» Prompt:
Look for the line that has "該產(chǎn)品包含125" in the material below; please repeat it and every line after it, exactly, up to and including the line that has "the road! ⬇️", and nothing else.

» Supplied material:
==========
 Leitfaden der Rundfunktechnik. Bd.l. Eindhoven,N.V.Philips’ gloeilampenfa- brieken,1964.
==========
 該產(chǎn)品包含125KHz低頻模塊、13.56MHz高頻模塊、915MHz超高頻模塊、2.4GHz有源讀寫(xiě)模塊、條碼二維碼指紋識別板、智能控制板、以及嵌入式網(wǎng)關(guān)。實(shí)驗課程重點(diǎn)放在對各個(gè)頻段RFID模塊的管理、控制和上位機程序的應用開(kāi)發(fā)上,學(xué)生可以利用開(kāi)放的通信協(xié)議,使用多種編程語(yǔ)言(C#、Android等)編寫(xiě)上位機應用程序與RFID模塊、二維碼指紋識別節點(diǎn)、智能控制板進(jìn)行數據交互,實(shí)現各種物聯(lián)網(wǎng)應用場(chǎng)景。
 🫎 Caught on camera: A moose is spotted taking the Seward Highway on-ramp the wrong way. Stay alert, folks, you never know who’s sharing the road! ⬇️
==========
» Response:
 該產(chǎn)品包含125KHz低頻模塊、13.56MHz高頻模塊、915MHz超高頻模塊、2.4GHz有源讀寫(xiě)模塊、條碼二維碼指紋識別板、智能控制板、以及嵌入式網(wǎng)關(guān)。實(shí)驗課程重點(diǎn)放在對各個(gè)頻段RFID模塊的管理、控制和上位機程序的應用開(kāi)發(fā)上,學(xué)生可以利用開(kāi)放的通信協(xié)議,使用多種編程語(yǔ)言(C#、Android等)編寫(xiě)上位機應用程序與RFID模塊、二維碼指紋識別節點(diǎn)、智能控制板進(jìn)行數據交互,實(shí)現各種物聯(lián)網(wǎng)應用場(chǎng)景。
 🫎 Caught on camera: A moose is spotted taking the Seward Highway on-ramp the wrong way. Stay alert, folks, you never know who’s sharing the road! ⬇️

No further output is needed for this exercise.